Nach Darwins Evolutionstheorie und Auffassung von Selektion bestehen nur diejenigen Individuen den „Kampf ums Dasein“ (struggle for life), die die gegebenen Umweltbedingungen am besten nutzen und sich so am erfolgreichsten fortpflanzen können. Voraussetzung ist, dass jede Art mehr Nachkommen hervorbringt, als für ihre Erhaltung erforderlich ist und, dass die Nachkommen untereinander variieren.

Definition und Herkunft der Selektion

Selektion stammt aus dem lateinischen von selectio, welches "Auswahl" bedeutet. Die Selektion beschreibt den Erfolg einer Population sich fortzupflanzen und damit das Überleben zu sichern.

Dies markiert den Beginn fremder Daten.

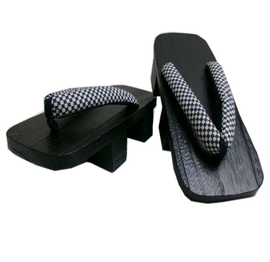 下駄 二枚歯 メンズ 男性 漆黒台 紺きなり市松 フリー 25.5cm 浴衣 甚平 着物 男物 紳士用 げた ゲタ 25cm 26cm
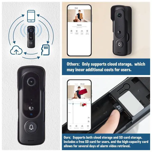 The doorbell camera wireless app also provides free cloud storage service without a monthly fee, enabling you to store records for free for up to 30 days with content being overwritten in a loop.
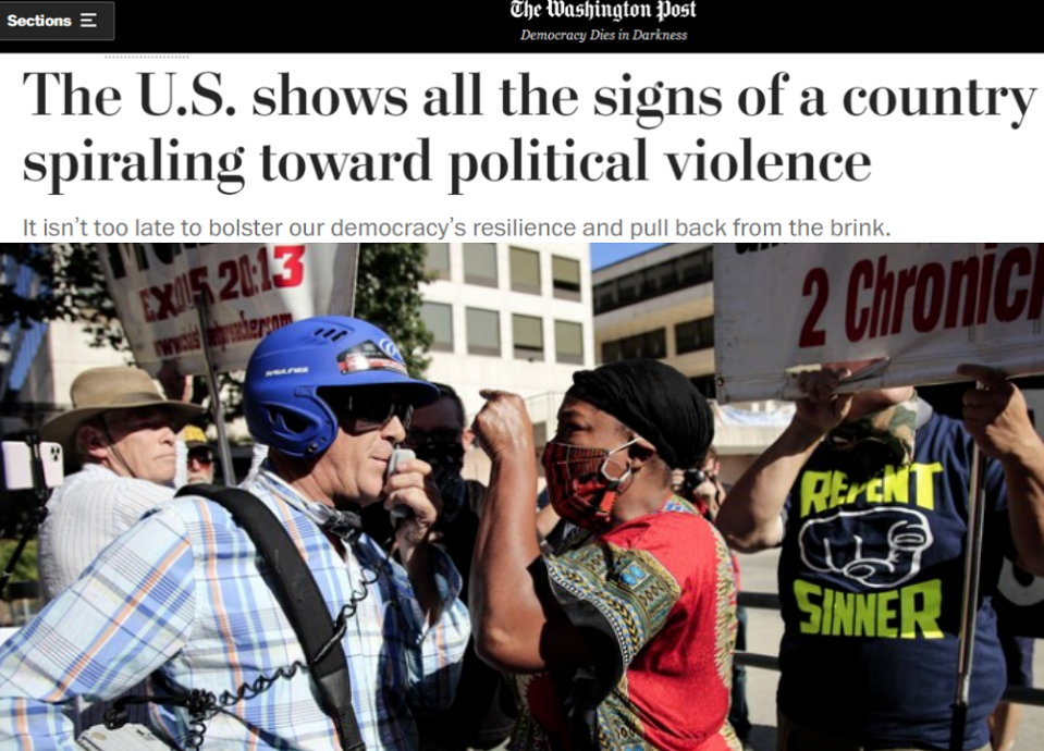 △《華盛頓郵報》:美國顯露出一個國家走向政治暴力的所有跡象。
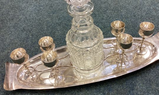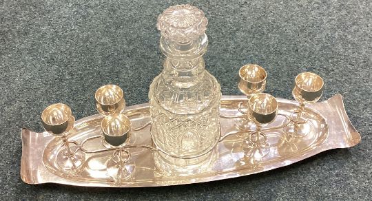 A good silver liqueur set on stand with large cut glass decanter. Birmingham 1913. By Elkington & Co. Approx. 871 grams of gross weight. Est. £800 - £1200.
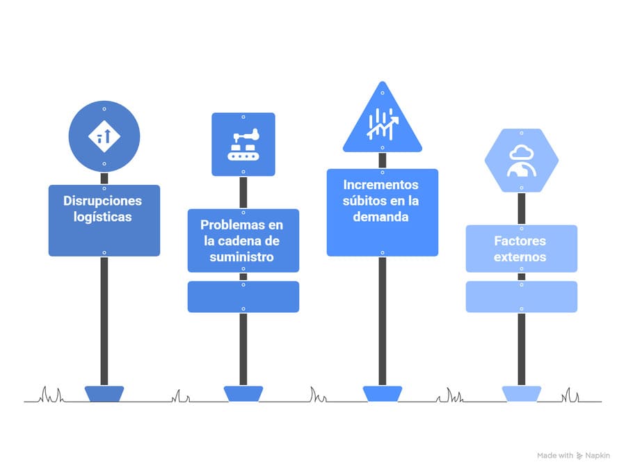 La falta de disponibilidad de insumos rara vez responde a un único factor. Generalmente surge de la combinación de elementos internos y externos que afectan la oferta, los tiempos de entrega y el flujo de inventario. Entre las causas más frecuentes destacan:

Heute wird die Selektion unter Berücksichtigung populationsgenetischer Grundlagen als gerichtete Verschiebung von Gen- bzw. Allelhäufigkeiten im Genpool einer Population beschrieben. Da die Selektion nur an den Merkmalen, also dem Phänotyp eines Individuums, angreifen kann, dem ein bestimmter Genotyp zugrunde liegt, können diejenigen Individuen ihre Gene bevorzugt weitergeben, die die Erbänderung im Phänotyp zeigen.

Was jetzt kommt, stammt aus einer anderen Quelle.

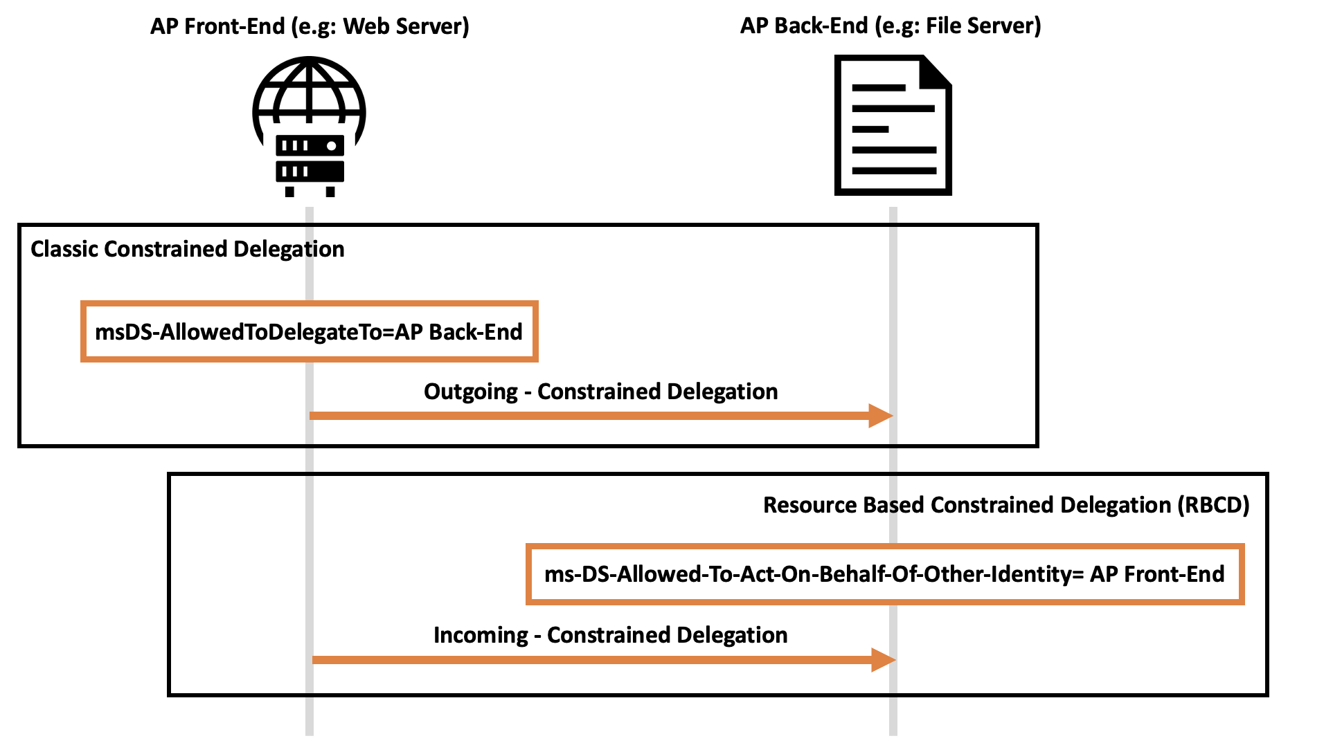 Below is a diagram that explains how “Constrained Delegation” can be defined as a so-called “Outgoing” Constrained Delegation, because the configuration is done on the AP Front End, while “RBCD” can instead be defined as a so-called “Incoming” Constrained Delegation, since the configuration is instead done on the AP Back-End.
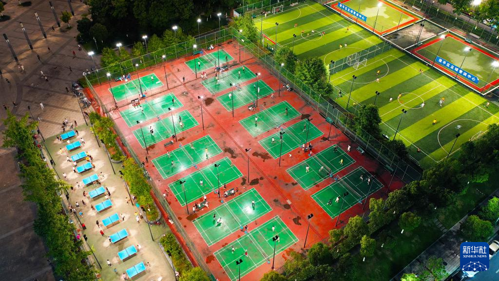 6月9日晚,重庆市梁平区双桂湖体育公园灯火通明,市民参加体育活动,享受运动快乐(无人机照片)。
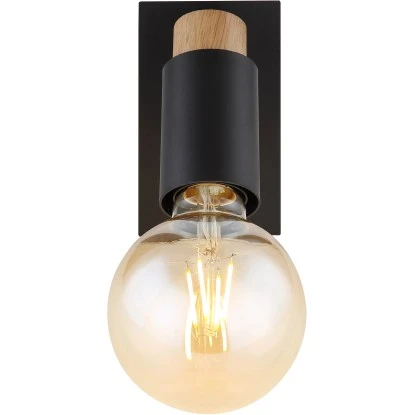 Diese moderne Wandleuchte begeistert durch tolles Design. Aus einem schwarz matten rechteckigen Wandschild (8×14 cm) mit integrierten Kippschalter befindet sich eine formschöne E27Fassung mit einem Überhang von 14,5 cm. Diese ist mit Materialien aus Holz und Metall verziert und erschafft somit ein tolles Gesamtbild. Aufgrund ihrer Langlebigkeit und Stromersparnis empfehlen wir LED Leuchtmittel.
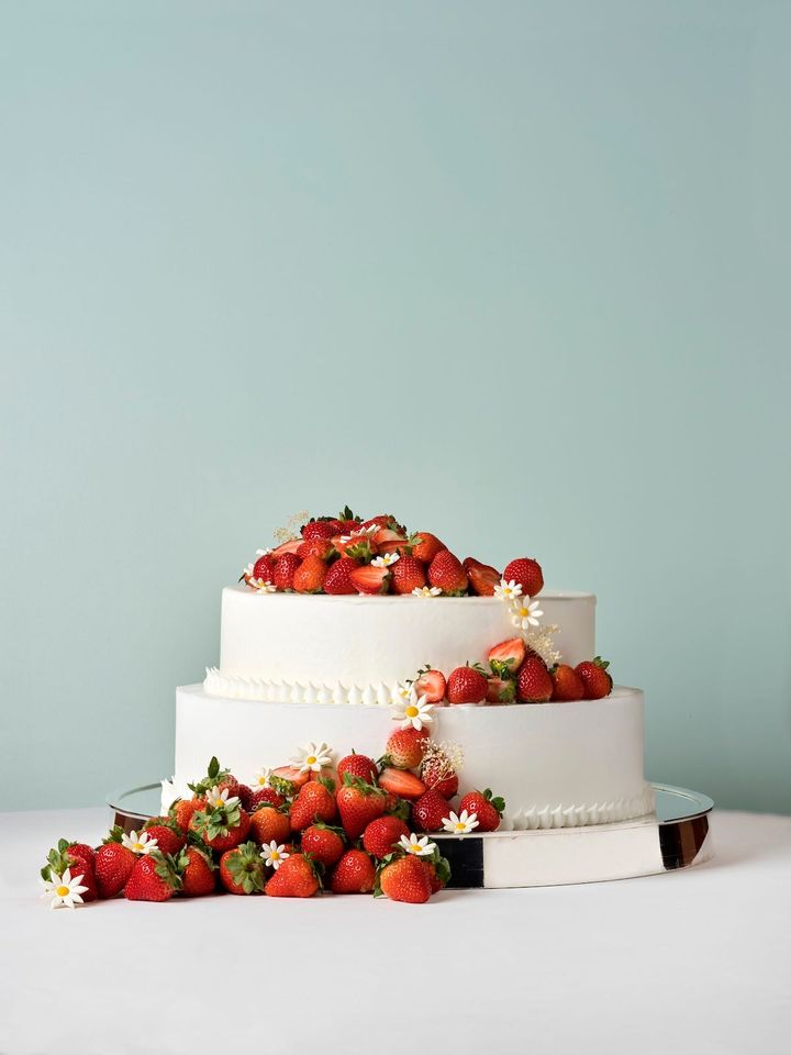 シンプルな2段のケーキに、こぼれるようにイチゴをあしらったデザイン。シュガークラフトで作ったマーガレットのような小花を添えると可愛さもアップ!
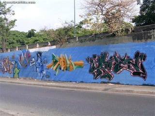 Este documento define qué es un graffiti y describe sus características. Explica que un graffiti es una inscripción o pintura generalmente hecha sin permiso en propiedades públicas o privadas. Además, menciona que los graffiteros a menudo se agrupan en crews y que el graffiti también se refiere a un movimiento artístico que comenzó en la década de 1960 en Nueva York.
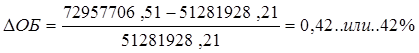 где ОБпред , ОБнаст - сумма обязательств, состоящая из кредиторской задолженности, кратко- и долгосрочных кредитов, за предыдущий завершенный финансовый год и на дату анализа соответственно. Подставим в указанную формулу значения предприятия:
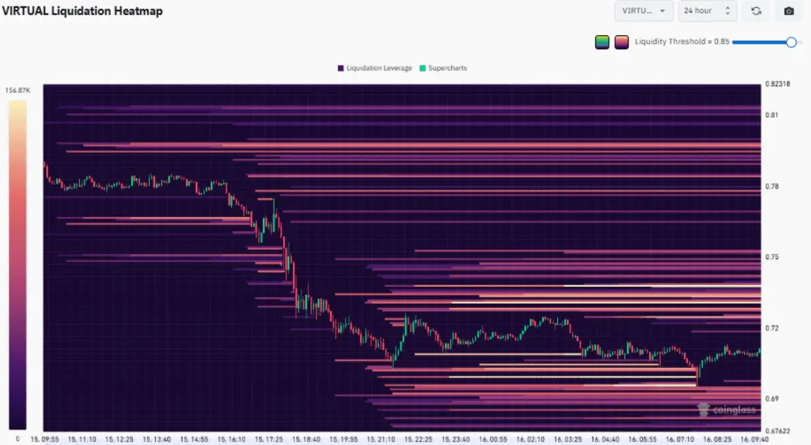 值得注意的是,VIRTUAL目前被“夾”在兩個重要的流動性區域之間,且動能偏向積極。然而,持續在0.70美元附近積累的流動性仍可能成為短期的阻力,限制上漲幅度。
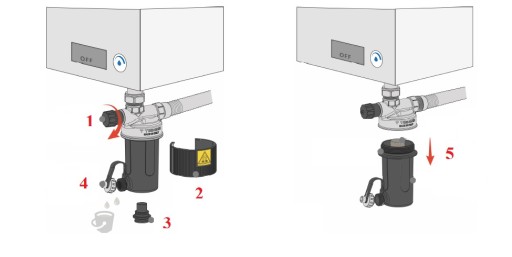 - Filtracja mechaniczna przez wkład filtracyjny (poziom filtracji 800 µm).

Ob ein Individuum mehr oder weniger gut an seine Umwelt angepasst ist, d. h. die Höhe seiner Eignung oder Fitness, lässt sich an dessen Fortpflanzungserfolg ablesen:

  • Je größer die Lebenserwartung ist und je früher die Geschlechtsreife eintritt, desto mehr Nachkommen können gezeugt werden.
  • Die Fortpflanzung ist erfolgreicher, wenn sich Geschlechtspartner schnell finden.
  • Wenn mehr Nachkommen erzeugt werden, die das Alter der Fortpflanzung erreichen, kann sich die Fitness der Art erhöhen.

Die Selektion zeigt sich also darin, dass Träger bestimmter Genotypen einen größeren Fortpflanzungserfolg haben als andere. Sie bewirkt eine gerichtete Verschiebung der Gen- bzw. Allelhäufigkeiten im Genpool einer Population.

Selektionsdruck

Selektionsdruck meint den Einfluss, also die Stärke, die ein Selektionsfaktor auf eine Population ausübt.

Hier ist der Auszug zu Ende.